◆ **Exercise prompt**
Only one span of the material below is wanted. Output it exactly, from the line with "设计师选用光泽细腻的缎面布料" through the line with "用户在使用本款APP的时候,不仅可以完成", without any pictures.

◆ **Available data**
==*==

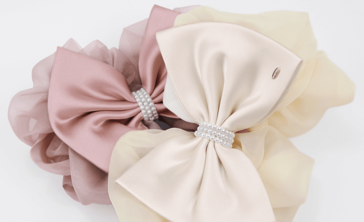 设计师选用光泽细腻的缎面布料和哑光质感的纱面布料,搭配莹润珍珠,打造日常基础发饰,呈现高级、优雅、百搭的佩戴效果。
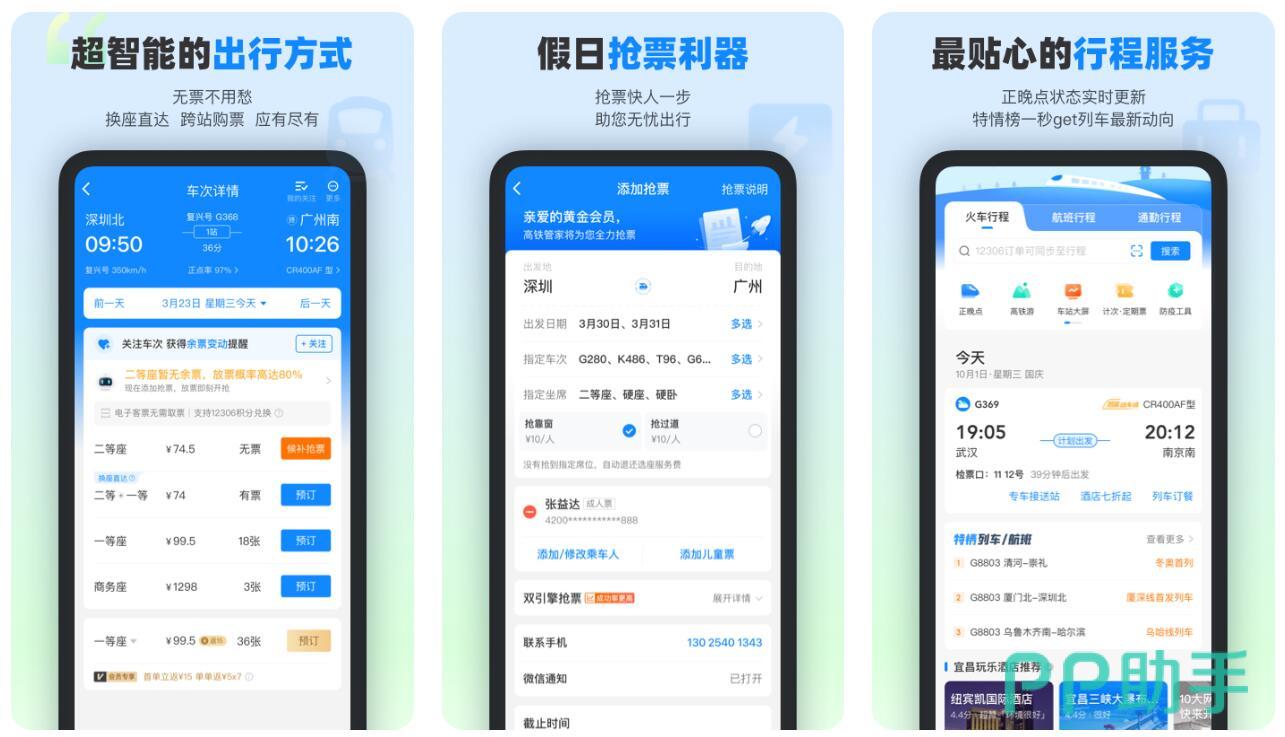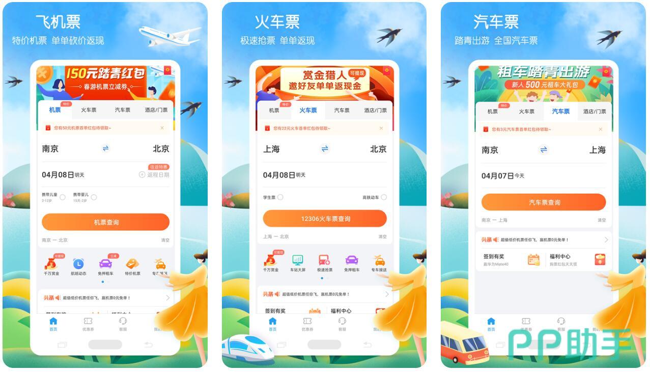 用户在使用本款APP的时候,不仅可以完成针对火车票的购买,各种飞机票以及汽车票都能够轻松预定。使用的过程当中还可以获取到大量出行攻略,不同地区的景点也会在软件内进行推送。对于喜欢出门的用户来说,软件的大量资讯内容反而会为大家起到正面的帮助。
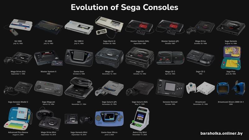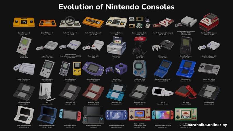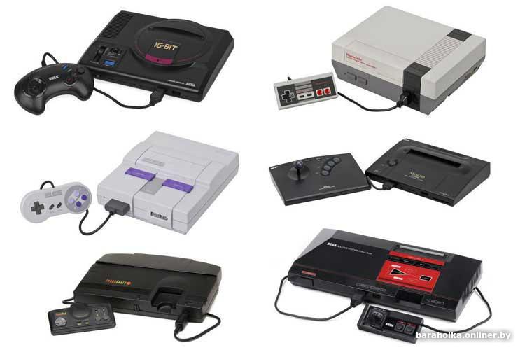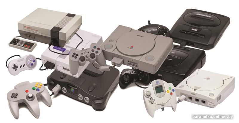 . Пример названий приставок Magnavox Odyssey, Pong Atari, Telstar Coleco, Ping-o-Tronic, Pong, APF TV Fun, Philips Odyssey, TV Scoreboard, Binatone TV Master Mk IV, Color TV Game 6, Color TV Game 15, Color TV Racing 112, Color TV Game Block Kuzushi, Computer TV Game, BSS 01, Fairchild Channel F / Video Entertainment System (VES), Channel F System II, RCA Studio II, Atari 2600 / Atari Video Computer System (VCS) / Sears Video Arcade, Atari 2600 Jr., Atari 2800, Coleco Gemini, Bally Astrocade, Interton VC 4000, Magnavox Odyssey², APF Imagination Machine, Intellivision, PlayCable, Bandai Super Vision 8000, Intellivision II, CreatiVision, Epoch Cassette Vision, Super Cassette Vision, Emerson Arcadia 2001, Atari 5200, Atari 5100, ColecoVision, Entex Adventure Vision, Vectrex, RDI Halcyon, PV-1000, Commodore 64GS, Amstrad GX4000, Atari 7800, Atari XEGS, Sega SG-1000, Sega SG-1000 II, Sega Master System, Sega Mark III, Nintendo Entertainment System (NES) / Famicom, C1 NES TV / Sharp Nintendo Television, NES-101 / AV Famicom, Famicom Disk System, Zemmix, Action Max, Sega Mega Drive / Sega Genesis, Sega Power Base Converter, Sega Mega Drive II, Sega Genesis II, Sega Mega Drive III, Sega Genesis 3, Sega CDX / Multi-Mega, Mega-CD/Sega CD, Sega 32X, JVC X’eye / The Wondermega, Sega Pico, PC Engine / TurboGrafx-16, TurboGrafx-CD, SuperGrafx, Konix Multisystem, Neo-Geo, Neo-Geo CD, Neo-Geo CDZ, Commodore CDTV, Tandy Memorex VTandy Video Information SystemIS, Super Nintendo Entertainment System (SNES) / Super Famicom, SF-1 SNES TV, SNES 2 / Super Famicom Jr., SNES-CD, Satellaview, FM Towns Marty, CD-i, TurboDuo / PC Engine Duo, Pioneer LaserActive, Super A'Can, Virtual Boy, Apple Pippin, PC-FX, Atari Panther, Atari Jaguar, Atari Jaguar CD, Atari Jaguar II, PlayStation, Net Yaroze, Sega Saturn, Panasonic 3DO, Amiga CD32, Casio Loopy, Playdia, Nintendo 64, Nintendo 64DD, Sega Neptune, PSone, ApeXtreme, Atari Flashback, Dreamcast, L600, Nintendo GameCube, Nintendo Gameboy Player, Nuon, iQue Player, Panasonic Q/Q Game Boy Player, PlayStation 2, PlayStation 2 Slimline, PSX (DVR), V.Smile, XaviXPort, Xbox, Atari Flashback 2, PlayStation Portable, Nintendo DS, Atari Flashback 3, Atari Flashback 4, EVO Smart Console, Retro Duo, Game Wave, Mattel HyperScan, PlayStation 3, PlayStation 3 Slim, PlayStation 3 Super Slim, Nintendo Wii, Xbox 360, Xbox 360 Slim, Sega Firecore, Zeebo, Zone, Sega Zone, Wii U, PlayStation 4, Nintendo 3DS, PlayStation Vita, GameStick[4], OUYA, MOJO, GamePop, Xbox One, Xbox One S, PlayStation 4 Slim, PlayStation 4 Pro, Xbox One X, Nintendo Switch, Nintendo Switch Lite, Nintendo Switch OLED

==*==

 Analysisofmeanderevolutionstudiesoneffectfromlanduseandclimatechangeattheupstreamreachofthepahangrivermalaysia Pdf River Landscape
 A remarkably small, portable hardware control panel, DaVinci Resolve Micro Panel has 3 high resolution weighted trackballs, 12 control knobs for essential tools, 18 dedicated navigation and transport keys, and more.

==*==

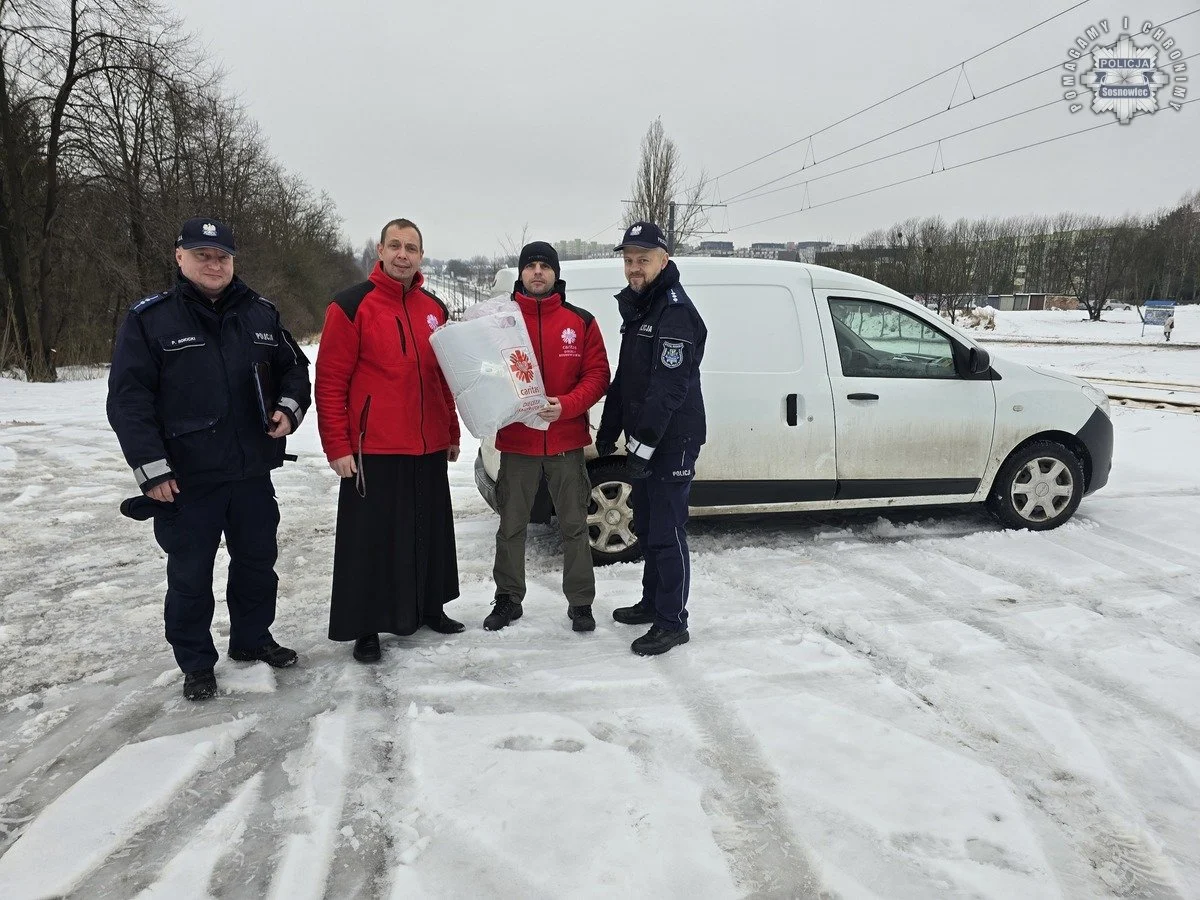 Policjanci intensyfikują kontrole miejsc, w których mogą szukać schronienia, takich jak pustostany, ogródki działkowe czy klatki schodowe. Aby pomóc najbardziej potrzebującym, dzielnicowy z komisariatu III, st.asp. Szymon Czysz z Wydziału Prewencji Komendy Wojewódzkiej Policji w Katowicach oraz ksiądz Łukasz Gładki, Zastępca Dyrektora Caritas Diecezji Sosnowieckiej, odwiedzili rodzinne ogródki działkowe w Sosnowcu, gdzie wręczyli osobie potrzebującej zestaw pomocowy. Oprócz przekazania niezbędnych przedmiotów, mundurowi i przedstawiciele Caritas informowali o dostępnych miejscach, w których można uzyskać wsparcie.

==*==

◆ **Written response**
 设计师选用光泽细腻的缎面布料和哑光质感的纱面布料,搭配莹润珍珠,打造日常基础发饰,呈现高级、优雅、百搭的佩戴效果。
 用户在使用本款APP的时候,不仅可以完成针对火车票的购买,各种飞机票以及汽车票都能够轻松预定。使用的过程当中还可以获取到大量出行攻略,不同地区的景点也会在软件内进行推送。对于喜欢出门的用户来说,软件的大量资讯内容反而会为大家起到正面的帮助。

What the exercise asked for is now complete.